- Kopali Location in Jharkhand, India Kopali Kopali (India)
- Coordinates: 22°50′15″N 86°11′27″E﻿ / ﻿22.83750°N 86.19083°E
- Country: India
- State: Jharkhand
- District: Seraikela Kharsawan

Government
- • Type: Federal democracy

Area
- • Total: 6.74 km^{2} (2.60 sq mi)

Population (2011)
- • Total: 43,256
- • Density: 6,420/km^{2} (16,600/sq mi)

Languages*
- • Official: Hindi, Urdu
- Time zone: UTC+5:30 (IST)
- PIN: 832110
- Telephone/ STD code: 06597
- Vehicle registration: JH 22
- Literacy: 72.40%
- Lok Sabha constituency: Ranchi
- Vidhan Sabha constituency: Ichagarh
- Website: seraikela.nic.in

= Kopali =

Kopali (also spelled as Kapali) is a census town in the Chandil CD block in the Chandil subdivision of the Seraikela Kharsawan district in the Indian state of Jharkhand.

==Geography==

===Jamshedpur Urban Agglomeration===
With its recognition as an industrial town as early as the 1911 census, Jamshedpur was set on the road of steady population growth, as large number of emigrants flocked in for work opportunities.
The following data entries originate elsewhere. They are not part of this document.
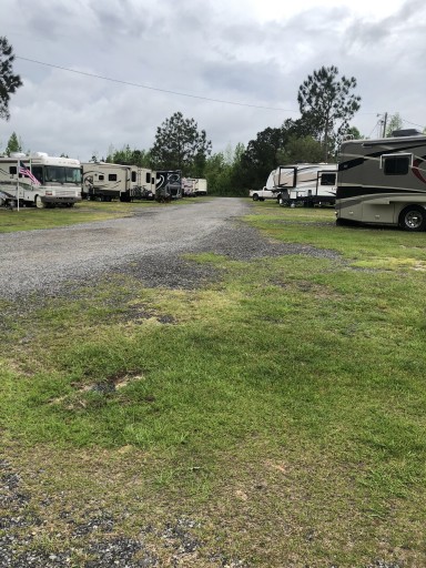 Now remind your self that this park was totally destroyed by Hurricane Michael. The owner and brother had been busting them selfs to get it back up and what a greater job. This place is just awsome in my opinion. Althought no showers but i dont care i use my Motorhome bath. They have this place cleaned and still doing repairs. It does sit back to I -10 but that was ok as i sat around a camp fire watching traffic. If you love the camping atomsphere this place is great. 30/50 amp,watet and sewer, nice size lots,big rig friendly, owners are awsome folks.only 40 min from beaches....cant day enough...if every through herr again ill stop and syay awhile.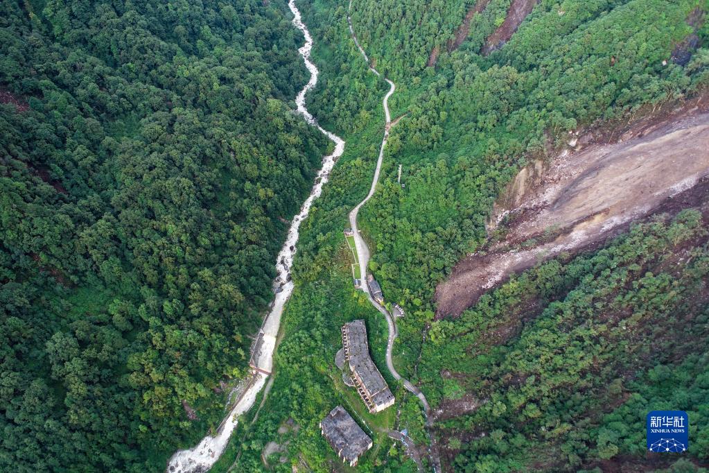 這是9月7日拍攝的海螺溝景區一號營(yíng)地附近的崩塌災害現場(chǎng)(右側部分)(無(wú)人機照片)。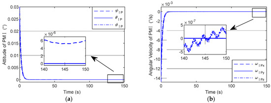 Attitude and angular velocity curve of PM I: (a) attitude curve and (b) angular velocity curve.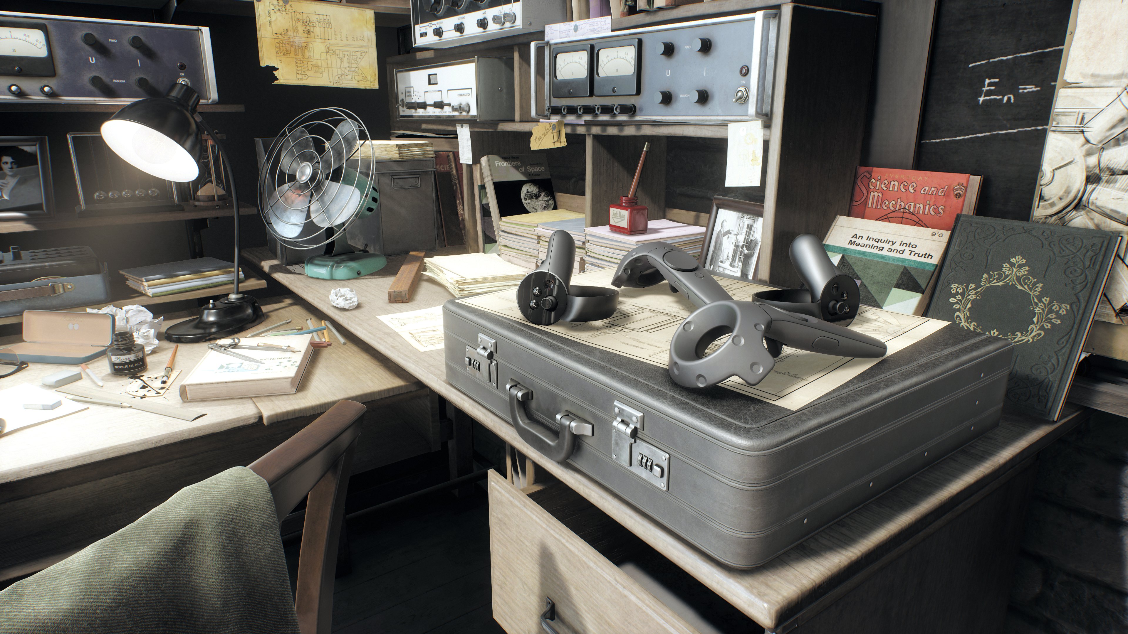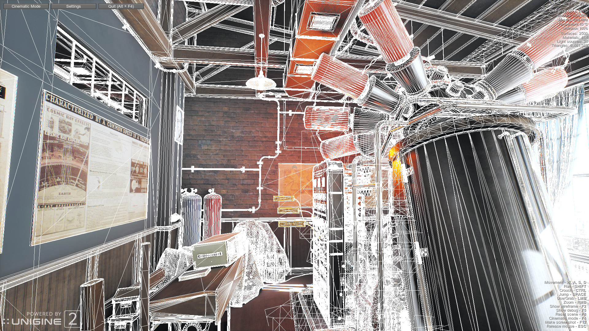 У Superposition даже есть некое подобие сюжета — наблюдатель переносится в 50-е годы прошлого века в заброшенную лабораторию загадочно исчезнувшего физика и имеет возможность внимательного изучения проводимых одиноким профессором экспериментов, а заодно попробует выяснить, куда же пропал этот ученый. Эти возможности доступны в виде интерактивных мини-игр, в которые можно поиграть при запуске Superposition в соответствующем режиме. Физический движок Unigine позволил использовать в Superposition более 900 интерактивных объектов в сцене, и играться с ними действительно интересно — можно снять шляпу с вешалки и пытаться забросить её обратно при разной гравитации, поиграть в дротики, нарисовать что-то мелом на доске и т. д. и т. п.

While in the earlier decades the central nucleus grew, in the later decades towns around Jamshedpur grew rapidly. In 2011, Jamshedpur Urban Agglomeration included 13 urban centres, with a total population of 1.3 million people. However, in more recent years, Jamshedpur UA "has lacked the growth and development observed around other similar industrial towns in western and southern India."

Jamshedpur Urban Agglomeration includes: Jamshedpur (Industrial Town), Jamshedpur (NAC), Tata Nagar Railway Colony (OG), Mango (NAC), Jugsalai (M), Bagbera (CT), Chhota Gobindpur (CT), Haludbani (CT), Sarjamda (CT), Gadhra (CT), Ghorabandha (CT), Purihasa (CT), Adityapur (M Corp.), Chota Gamahria (CT) and Kapali (CT).
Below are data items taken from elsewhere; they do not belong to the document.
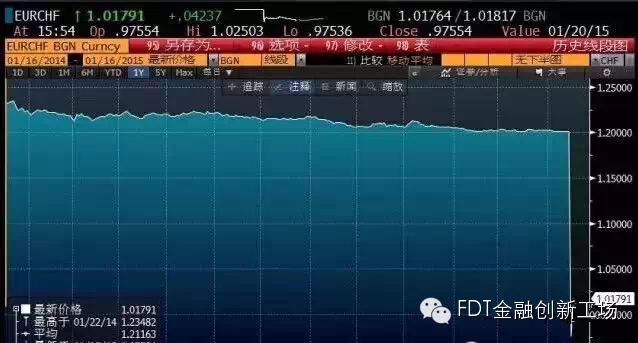 瑞士央行杀了全球市场一个措手不及,消息公布后的几分钟内,欧元兑瑞郎汇率最大跌幅超过40%,从1.2直线暴跌至0.85,随后又回到1附近,这是外汇市场数十年来罕见的大幅波动。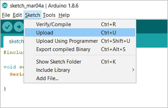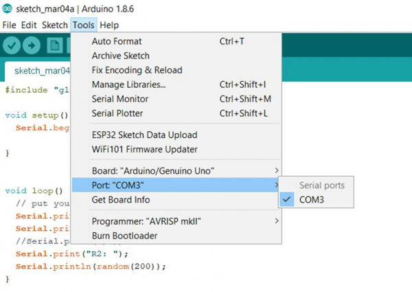 要使用 Arduino IDE 编写板代码,第一步需要确保在“工具 -> 板”中选择了正确的板,还要确保板与机器相连,并被选为正确的 COM 端口。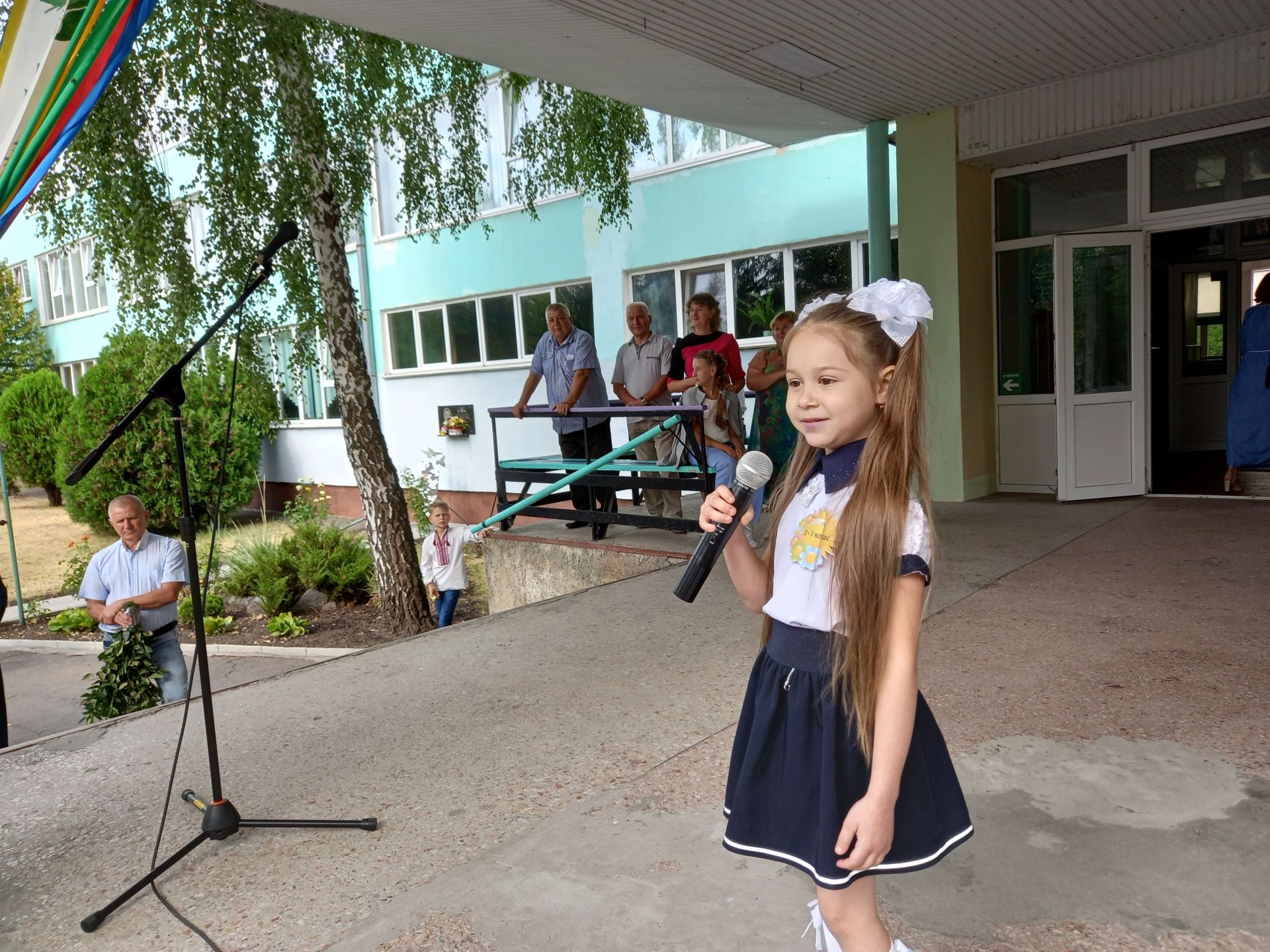 Перед тим, як передати першачкам чарівні зірки, для усіх виступила Анна Голодна. Дівчинка заспівала пісню. Козак вручив класним керівникам зірки і першокласників запросили на їх перший в житті урок.

Note: The map alongside presents the Jamshedpur Urban Agglomeration. All places marked in the map are linked in the larger full screen map.

==Civic administration==
There is a police outpost at Kapali.

==Demographics==

According to the 2011 Census of India, Kopali had a total population of 43,256, of which 22,337 (52%) were males and 20,919 (48%) were females. Population in the age range 0–6 years was 7,603. The total number of literate persons in Kopali was 21,815 (72.40% of the population over 6 years). Scheduled Castes and Scheduled Tribes make up 0.69% and 2.83% of the population respectively.

Kapali is a Muslim-majority suburb of Jamshedpur. Kopali is a multilingual city, with Urdu, Hindi and Bengali spoken by large populations.

==Infrastructure==
According to the District Census Handbook 2011, Seraikela Kharsawan, Kopali covered an area of 6.74 km2. It has an annual rainfall of 1,086.1 mm. Among the civic amenities, it had 15 km of roads with both closed and open drains, the protected water supply involved hand pump, tube well/ borewell, overhead tank. It had 6,351 domestic electric connections, 15 road lighting points. Among the medical facilities, it had 2 hospitals, 4 dispensaries, 4 health centres, 10 family welfare centres, 4 maternity and child welfare centres, 10 maternity homes, 2 nursing homes, 2 charitable hospital/ nursing homes, 10 veterinary hospitals, 5 medicine shops. Among the educational facilities it had 8 primary schools, 7 middle schools, 2 secondary schools, 1 senior secondary school, the nearest general degree college at Jamshedpur, 10 km away. It had 9 non-formal education centres (Sarva Shiksha Abhiyan). Among social, cultural and recreational facilities, it had 1 orphanage home, 2 auditorium/ community halls. Two important commodities it produced were ready-made clothes, furniture. It had the branch offices of 1 nationalised bank, 4 non-agricultural credit societies.

==Education==
Merry English School at Kapali is an English-medium coeducational institution established in 2001. It has facilities for teaching from class I to class XII.